C - If else scanf not working as expected

Question

I'm new to coding in general, and very new to C.

I'm trying to write a program in c that asks the user for input and based on that users input, prints specific text to a .txt file. Please have a look at my code and let me know what I'm doing wrong.

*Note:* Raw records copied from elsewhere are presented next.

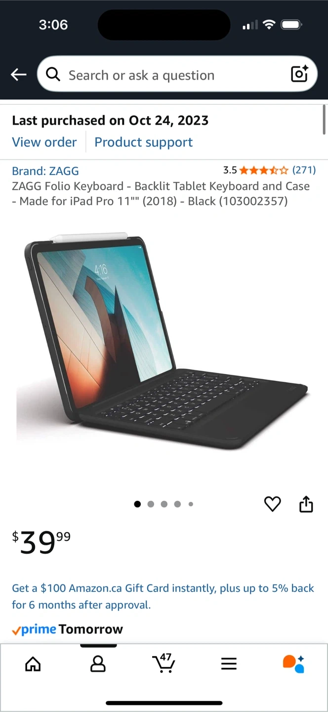 Selling a ZAGG Folio Keyboard - Backlit Tablet Keyboard and Case for iPad Pro 11" (2018) in black. It's in great condition, very lightly used. Perfect for university/college students. I am not anymore and find I have no more need of it. Originally bought for $40+tax. Selling for $15.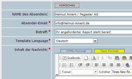 Nachdem Sie die HTML-Version erstellt haben, klicken Sie auf den Button "Text-Format" und IMPORTIEREN die Texte von der HTML-Version. Danach können Sie den Text optimal für die Text-Version optimieren.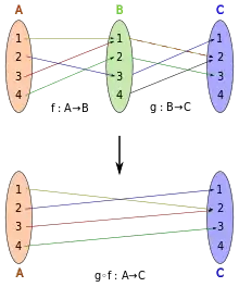 En termes mathématiques, la composition des fonctions est associative, et nous pouvons écrire, par exemple f(gh) = (fg)h où gh est la fonction composite de g et h, et, de même, fg le composite de f et g.

Please have a look at my code below. Thanks very much for your assistance.

Matt

#include <stdio.h>
#include <stdlib.h>
#include <string.h>


FILE * fptr; 

int main(){

char name[32];
char partNum[32];
char desc[250];
char ans1;
char ans2;
char sn[50];
char ansRep;

fptr = fopen("C:\\Users\\mgreene\\Documents\\EmailTemplates\\QCIssue.txt", "w");

if (fptr ==0)
{
printf("Error--file could not be opened\n");
exit(1);
}

printf("What is the customer's first name?\n");
scanf("%s", name);

printf("With which Part number is the user experiencing difficulties?\n");
printf("Enter Part Number:");
scanf("%s", partNum);

printf("Please enter a brief description of the problem\n");
scanf("\n%s", desc);

printf("Does the product have a serial number?\n");
scanf("%c", &ans1);

if (!strcmp(&ans1, "y")== 0)
{
printf ("Do you know the serial number?\n");
scanf("\n%c", &ans2);

if (!strcmp(&ans2, "y")==0)
{
printf ("Please enter the SN:\n");
scanf("\n%s", sn);

fprintf(fptr, "\nHi %s,\n\nI hope this message finds you well.\n\nI write to you today       as the Quality Manager at Blank. I received a report that you're experiencing difficulties with part: %s, %s; specifically, the report indicates that %s. Is that an accurate description of the problem? Firstly please accept my apologies on behalf of Blank for the difficulties you're experiencing with this part. As an ISO9001:2008 compliant organization, Blank takes all issues related to customer satisfaction very seriously. It is our intention to resolve this matter as soon as is possible.\n\n", name, partNum, sn, desc);
    }
    else 
    {
    fprintf(fptr, "\nHi %s,\n\nI hope this message finds you well.\n\nI write to you today as the Quality Manager at Blank. I received a report that you're experiencing difficulties with part: %s; specifically, the report indicates that %s. Is that an accurate description of the problem? Firstly please accept my apologies on behalf of Blank for the difficulties you're experiencing with this part. As an ISO9001:2008 compliant organization, Blank takes all issues related to customer satisfaction very seriously. It is our intention to resolve this matter as soon as is possible.\n\nBefore I can begin an investigation into this problem, I'll need the serial number from that unit. Can you please forward me the serial number as soon as you're able? Once I have that, I can begin the investigation on our end. Thanks.\n\n", name, partNum, desc);
    }
}
else if (strcmp(&ans2, "y")==0)
{
printf("Will Blank be sending the customer a replacement? Please enter y or n\n");
scanf("\n%c", &ansRep);

        if (!strcmp(&ansRep, "y")==0)
        {
            fprintf(fptr, "Blank can send you a replacement product as soon as is possible. In order to ensure that the replacements are shipped to the correct address, will you please confirm you shipping address via email? Thanks.\n\n");
            fprintf(fptr, "Thank you for your assistance in resolving this matter. Please let us know if you have any additional questions, comments, or concerns about this specific issue or any issues related to products distributed by Blank.\n\n");
fprintf(fptr, "Have a great day!");
        }
        else 
        {
            fprintf(fptr, "Thank you for your assistance in resolving this matter. Please let us know if you have any additional questions, comments, or concerns about this specific issue or any issues related to products distributed by Blank.\n\nHave a great day!");
        }
}
fclose (fptr);
return (0);
}

Answer 1

if (!strcmp(&ans1, "y")== 0) is wrong, which may be modified to if(ans1 != 'y') . You should do similar modifications to if (!strcmp(&ans2, "y")==0) , if (strcmp(&ans2, "y")==0) , if (!strcmp(&ansRep, "y")==0) in your code.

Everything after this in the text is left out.